**** EXTRACTED DATA ****

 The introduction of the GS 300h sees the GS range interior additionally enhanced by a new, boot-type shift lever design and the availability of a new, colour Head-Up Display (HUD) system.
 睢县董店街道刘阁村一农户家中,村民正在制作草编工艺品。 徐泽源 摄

****
**** EXTRACTED DATA ****

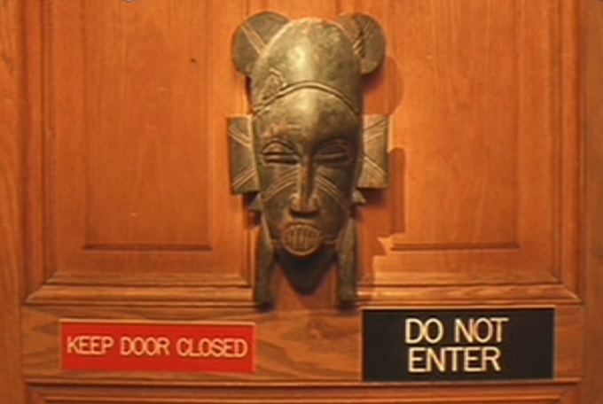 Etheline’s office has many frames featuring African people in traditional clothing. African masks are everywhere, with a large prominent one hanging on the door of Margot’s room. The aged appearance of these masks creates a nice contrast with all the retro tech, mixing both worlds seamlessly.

****

■ WHAT YOU SHOULD DO
In the material above, find the line containing "The introduction of" and the line containing "睢县董店街道刘阁村一农户家中,村民正在制作草编工艺品。 徐泽源 摄", then write out exactly those two lines and every line between them, and nothing more.

■ EXERCISE RESPONSE
 The introduction of the GS 300h sees the GS range interior additionally enhanced by a new, boot-type shift lever design and the availability of a new, colour Head-Up Display (HUD) system.
 睢县董店街道刘阁村一农户家中,村民正在制作草编工艺品。 徐泽源 摄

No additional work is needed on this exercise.